- The Washington Times - Monday, November 28, 2005

ANNAPOLIS (AP) — Maryland’s municipalities may face off against the state’s counties in the legislature next year over the vexing issue of annexation because a working committee failed to find a compromise between the two groups.

The Maryland Association of Counties (MACO) is preparing legislation to govern the annexation process, according to a report yesterday in the Baltimore Daily Record.

The Maryland Municipal League (MML) will make fighting that legislation a priority, the newspaper said.

For many of the state’s 157 cities and towns, annexation would offer them an opportunity to expand their jurisdictions and enlarge their tax base.

However, for many of the 23 counties, annexation would trim their jurisdictions and could affect the counties’ facilities.



An annexation work group, composed of representatives of the two groups, held a series of meetings with the state planning department this year in the hope of finding a middle ground.

The two sides agreed there ought to be a joint planning process, said Richard Hall, director of land use and planning analysis for the state planning department.

“But it was truly a case of the devil is in the details. We just couldn’t get there with those groups,” Mr. Hall said.

The talks fell apart after the county representatives wanted to talk about growth boundaries around municipalities, while not discussing growth boundaries around unincorporated growth areas, said Candace Donoho, director of government relations for the MML.

“I guess our frustration is that during the course of the discussions at the work-group meetings, although [MACO] seemed to want to focus the discussion on annexation itself, it became evident that you can’t separate annexation from growth, and growth is the issue that everyone needs to be dealing with,” Miss Donoho said.

“Our position is that annexation is a legal process that is used to bring development into municipalities,” Miss Donoho said.

But the counties, especially those on the Eastern Shore, fear developers sometimes use annexation to skirt certain environmental restrictions and fees for infrastructure development, particularly schools and libraries.

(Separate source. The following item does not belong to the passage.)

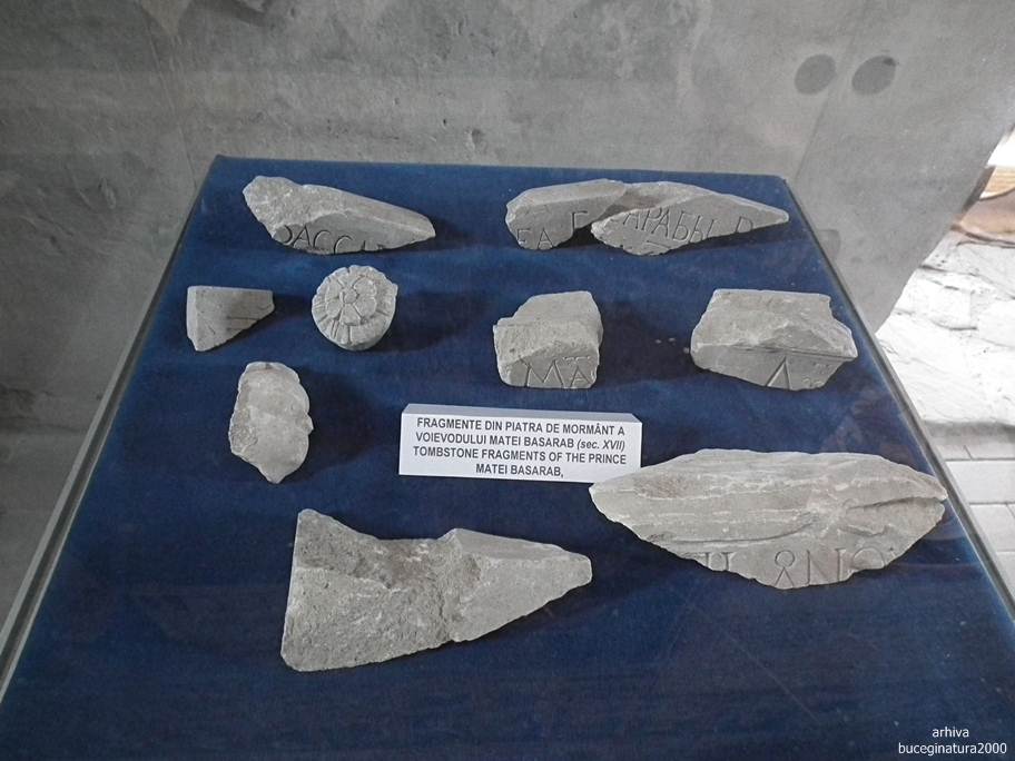 Resturi din piatra de mormant a lui Matei Basarab. Adesea, locurile de veci ale domnitorilor au fost profanate. Matei Basarab isi doarme insa somnul de veci la Manastirea Arnota, ctitoria sa. Initial, a fost ingropat in aceasta biserica din Targoviste, desi el ceruse sa fie inmormantat la Arnota. Ulterior, Radu Mihnea al III-lea i-a mutat osemintele la Arnota.

“There are a number of good annexations out there. We don’t want to end or outlaw annexation,” said Leslie Knapp Jr., associate director of MACO. “But there has really been a number of egregious abuses of the annexation process.”

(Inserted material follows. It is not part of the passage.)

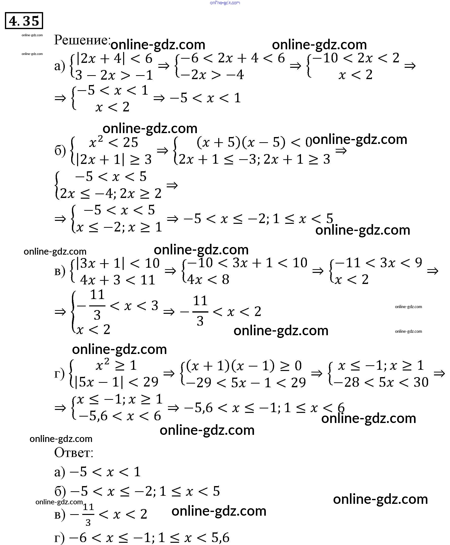 Готовые домашние задания по Алгебре за 9 класс Задачник Мордкович, Александрова 2010 - § 4. Системы рациональных неравенств Глава 1. Рациональные неравенства и их системы 4.35

An example was the town of Trapp in Talbot County. It annexed a 924-acre development, of which 189 acres sat outside the county’s designated growth area.

“The county previously did not think it was a good area for growth, but developers can get around that by bringing it into the town,” Mr. Knapp said.

Mr. Hall said the planning department will try to write a proposal that all groups can agree on next year.

“If MACO and MML sign onto it, great,” he said. “But if they don’t, we’ll have to live with it.”